In the postexilic period, guilds were powerful organizations and were recognized by the government. A guild could prevent a craftsman from another area from working in its territory. It had a trade monopoly in its particular locality. A guild could monopolize the market. Guild members were insured against loss of tools, animals, and boats used in their business, unless the loss was caused by their own negligence. Guilds had their own religious and social institutions, even their own synagogues, next to which there were burial grounds for the members. In some cases, members of a guild collectively built and operated businesses. Source Bible Gateway

Therefore it is unlikely Paul could waltz into a town and become a freelancer, the guild members would run him out. That he was staying with Prisca and Aquila in Corinth and assisting them (Acts 18:3) likely meant that the couple were members of the guild already, had an established business, and Paul could help them.
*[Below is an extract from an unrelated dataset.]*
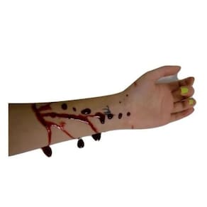 sangue teatral, para cinema, tv, artificial. Muito utilizado como complemento na criação dos efeitos de cortes, feridas, queimaduras etc. . . O sangue não deixa manchas, é de fácil remoção da pele, pode ser utilizado na boca uso externo e é hipoalergênico. Conteúdo: 500ml
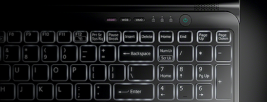LEDバックライトが点灯するキーボードを採用。キーのひとつひとつを浮かび上がらせるようにバックライトが点灯し、ベッドルームや消灯後の機内など、薄暗い場所でも快適なキー入力ができます。

What were the supplies needed?

This goat’s hair cloth that is used in making these tents is porous when it is dry, but becomes waterproof after the first rains have shrunk it together. … The material that makes up the Bedouin tent is the same as the sackcloth of Bible days. It must be remembered that this Oriental sackcloth is not at all like the Occidental burlap, but is rather a material made of prickly, coarse goat’s hair. Source: Manners And Customs of Bible Lands

New tents are very seldom made among the Bedouins. About the only time this happens is when a young groom and bride set up housekeeping for themselves in a different location from that of the groom’s parents, and this rarely happens. The usual procedure is to accumulate the goat clippings of a year or so, and with these make a new strip with which to repair the old tent. The women do this work. The section of the tent roof that is most worn is ripped out, and a new piece of the cloth replaces it. The old piece is then used for a side curtain. Each year new strips of cloth replace old ones and the “house of hair” is handed down from father to son without its being completely new or completely old at any one time. Source.

As comfortable as the tents seemed, and by the photographs from the 1800s they do seem comfortable, (at least for the more wealthy desert dwellers) it was still a lot of work to care for tents.